» **The problem**: Would you return the lines between the one holding "あさりと3種の野菜(ほうれん" and the one holding "- Aptos de 03", inclusive, and only those, exactly as they stand in the listing below?

[[ Data to use open ]]

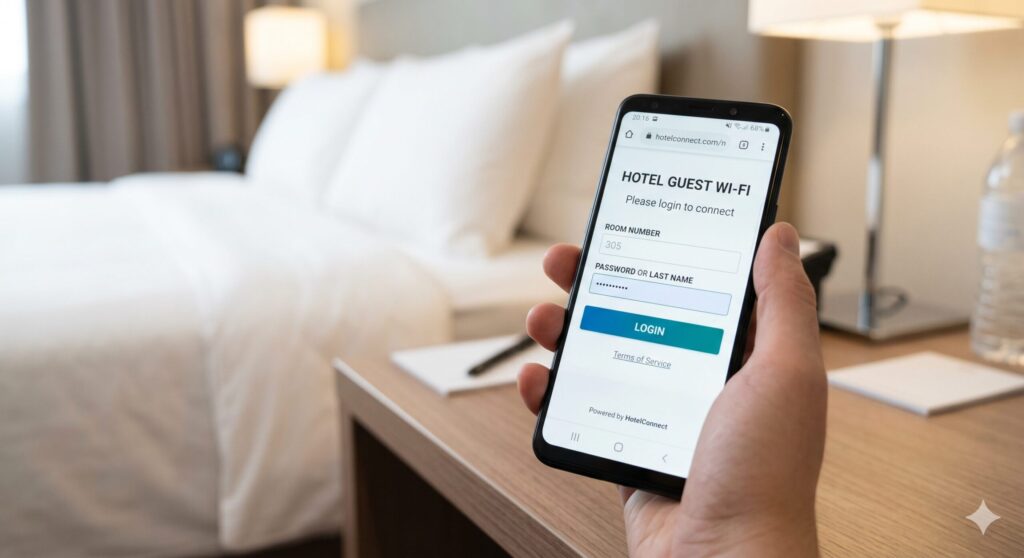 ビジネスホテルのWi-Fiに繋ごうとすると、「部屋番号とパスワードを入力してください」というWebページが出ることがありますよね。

[[ Data to use closed ]]
[[ Data to use open ]]

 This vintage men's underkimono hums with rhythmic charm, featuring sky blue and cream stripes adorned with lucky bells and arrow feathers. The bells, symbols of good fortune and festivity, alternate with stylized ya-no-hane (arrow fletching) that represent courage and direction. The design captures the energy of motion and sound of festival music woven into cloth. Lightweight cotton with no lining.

[[ Data to use closed ]]
[[ Data to use open ]]

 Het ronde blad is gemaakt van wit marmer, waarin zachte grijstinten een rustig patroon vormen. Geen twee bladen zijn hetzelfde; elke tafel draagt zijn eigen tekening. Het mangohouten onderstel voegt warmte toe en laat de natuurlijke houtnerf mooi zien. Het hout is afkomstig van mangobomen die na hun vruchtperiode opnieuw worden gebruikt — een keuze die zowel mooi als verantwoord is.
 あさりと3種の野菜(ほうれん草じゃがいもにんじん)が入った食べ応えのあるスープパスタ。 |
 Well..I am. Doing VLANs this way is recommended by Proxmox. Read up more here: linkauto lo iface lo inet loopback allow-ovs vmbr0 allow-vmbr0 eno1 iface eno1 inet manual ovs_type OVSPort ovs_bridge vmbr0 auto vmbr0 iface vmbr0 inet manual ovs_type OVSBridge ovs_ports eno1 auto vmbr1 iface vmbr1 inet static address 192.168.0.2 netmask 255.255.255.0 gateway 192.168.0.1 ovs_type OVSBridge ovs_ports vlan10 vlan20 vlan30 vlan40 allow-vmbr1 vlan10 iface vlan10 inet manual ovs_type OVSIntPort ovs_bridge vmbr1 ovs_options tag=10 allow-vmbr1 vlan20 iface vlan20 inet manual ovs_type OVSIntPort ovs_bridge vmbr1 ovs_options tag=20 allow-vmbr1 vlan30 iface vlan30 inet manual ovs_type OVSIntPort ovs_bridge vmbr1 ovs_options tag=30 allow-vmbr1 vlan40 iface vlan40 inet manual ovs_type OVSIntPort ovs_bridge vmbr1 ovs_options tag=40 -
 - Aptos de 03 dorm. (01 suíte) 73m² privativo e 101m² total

[[ Data to use closed ]]

» **Answer to this problem**:
 あさりと3種の野菜(ほうれん草じゃがいもにんじん)が入った食べ応えのあるスープパスタ。 |
 Well..I am. Doing VLANs this way is recommended by Proxmox. Read up more here: linkauto lo iface lo inet loopback allow-ovs vmbr0 allow-vmbr0 eno1 iface eno1 inet manual ovs_type OVSPort ovs_bridge vmbr0 auto vmbr0 iface vmbr0 inet manual ovs_type OVSBridge ovs_ports eno1 auto vmbr1 iface vmbr1 inet static address 192.168.0.2 netmask 255.255.255.0 gateway 192.168.0.1 ovs_type OVSBridge ovs_ports vlan10 vlan20 vlan30 vlan40 allow-vmbr1 vlan10 iface vlan10 inet manual ovs_type OVSIntPort ovs_bridge vmbr1 ovs_options tag=10 allow-vmbr1 vlan20 iface vlan20 inet manual ovs_type OVSIntPort ovs_bridge vmbr1 ovs_options tag=20 allow-vmbr1 vlan30 iface vlan30 inet manual ovs_type OVSIntPort ovs_bridge vmbr1 ovs_options tag=30 allow-vmbr1 vlan40 iface vlan40 inet manual ovs_type OVSIntPort ovs_bridge vmbr1 ovs_options tag=40 -
 - Aptos de 03 dorm. (01 suíte) 73m² privativo e 101m² total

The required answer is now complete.